Open-Source Methods
Python tutorials for researchers transitioning from licensed software. The same econometrics, spatial analysis, and machine learning, implemented with free tools and reproducible code.
Why Python for Applied Economics
Most applied economists learn Stata in graduate school. It works, it is well-documented, and departments have site licenses. The problem surfaces after graduation: a Stata/SE annual license costs $595 per year [1], research assistants need their own copies, and collaborators at different institutions may not have access at all.
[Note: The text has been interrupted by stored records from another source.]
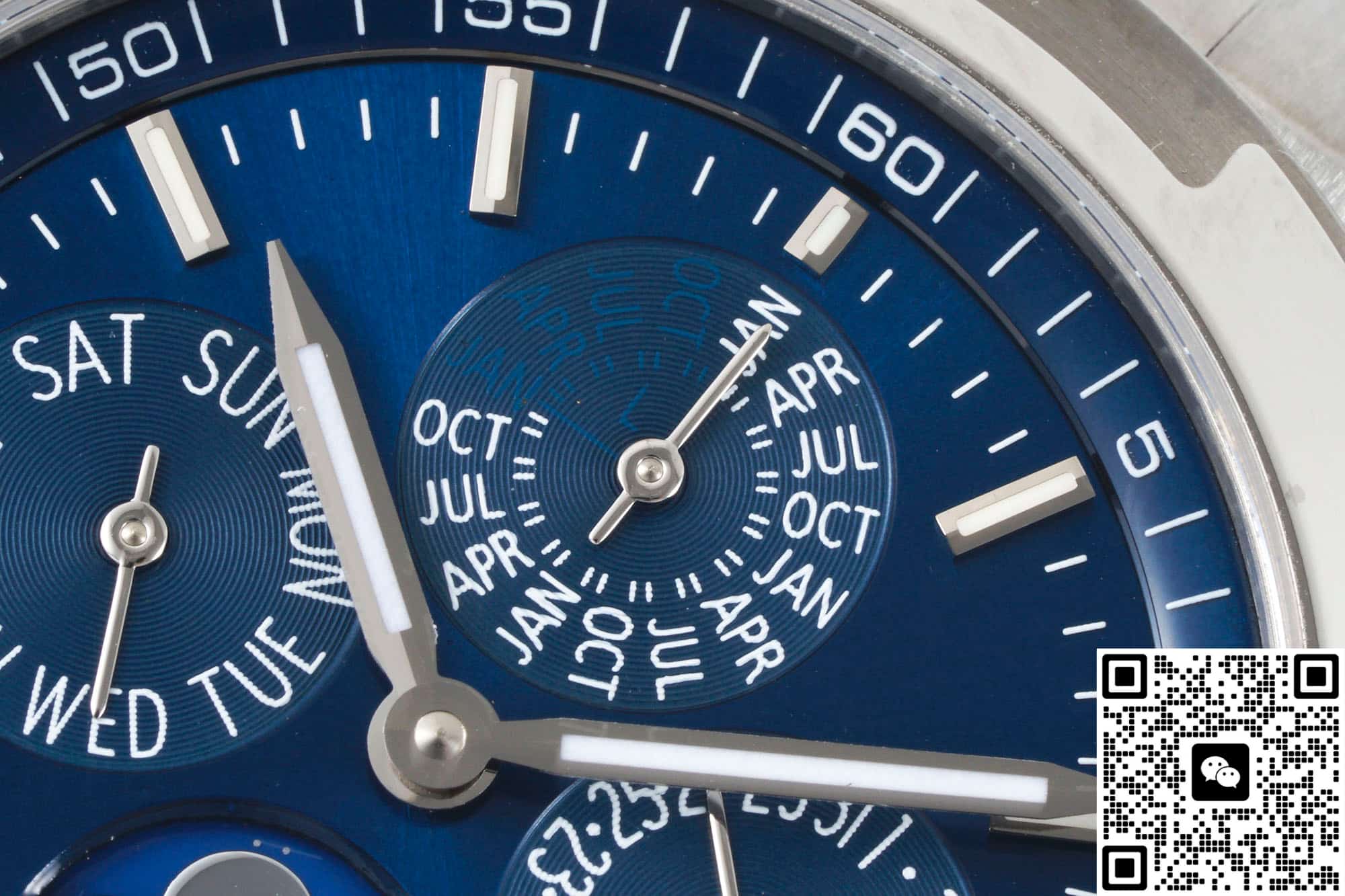 Movement:Cloned 1120QP/1 Automatic machinery Case:Stainless steel Crystal:Sapphire Dial:blue |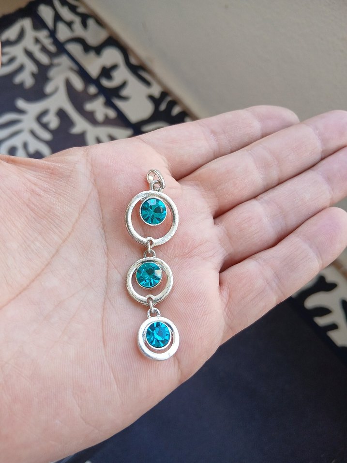 Üç parlak taşın turkuaz renkli halkalar içinde yer aldığı, bohem tarzda kadın charm. Minimalist ve retro dokunuşlu, günlük kullanıma uygun.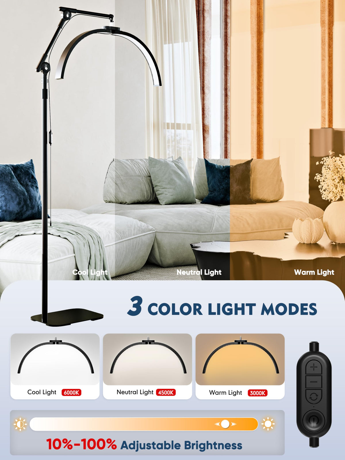 Karite Half Moon Light For Lash Tech, Led Floor Lamp For Eyelash Extensions With Phone Holder, Adjustable Angle(3 Joints) & Heig

Python eliminates these barriers. pandas handles the same data manipulation as Stata's generate and replace commands. statsmodels runs the same regressions [2]. scikit-learn and XGBoost provide machine learning tools that Stata lacks entirely [3]. GeoPandas opens up spatial analysis that would otherwise require an ArcGIS license at $1,500 per year.
The transition is not painless. Python requires more boilerplate, error messages are less informative than Stata's, and the ecosystem is fragmented across dozens of packages. These tutorials exist because we went through the transition ourselves and documented every edge case, silent failure, and workaround along the way.
Each tutorial solves a real problem from our research: how to validate GTFS feeds before they crash the routing engine, how to catch the census tracts that spatial joins silently drop, how to build a classifier when 94% accuracy means the model learned to predict the majority class. The code is available on GitHub, and every analysis can be reproduced from raw data to final output.
[1] StataCorp. "Stata pricing." stata.com/order/new/edu/profplus/student-pricing/, accessed February 2026.
[2] Seabold, S. and Perktold, J. (2010). "Statsmodels: Econometric and statistical modeling with Python." Proceedings of the 9th Python in Science Conference.
[3] Pedregosa, F. et al. (2011). "Scikit-learn: Machine learning in Python." Journal of Machine Learning Research, 12, 2825-2830.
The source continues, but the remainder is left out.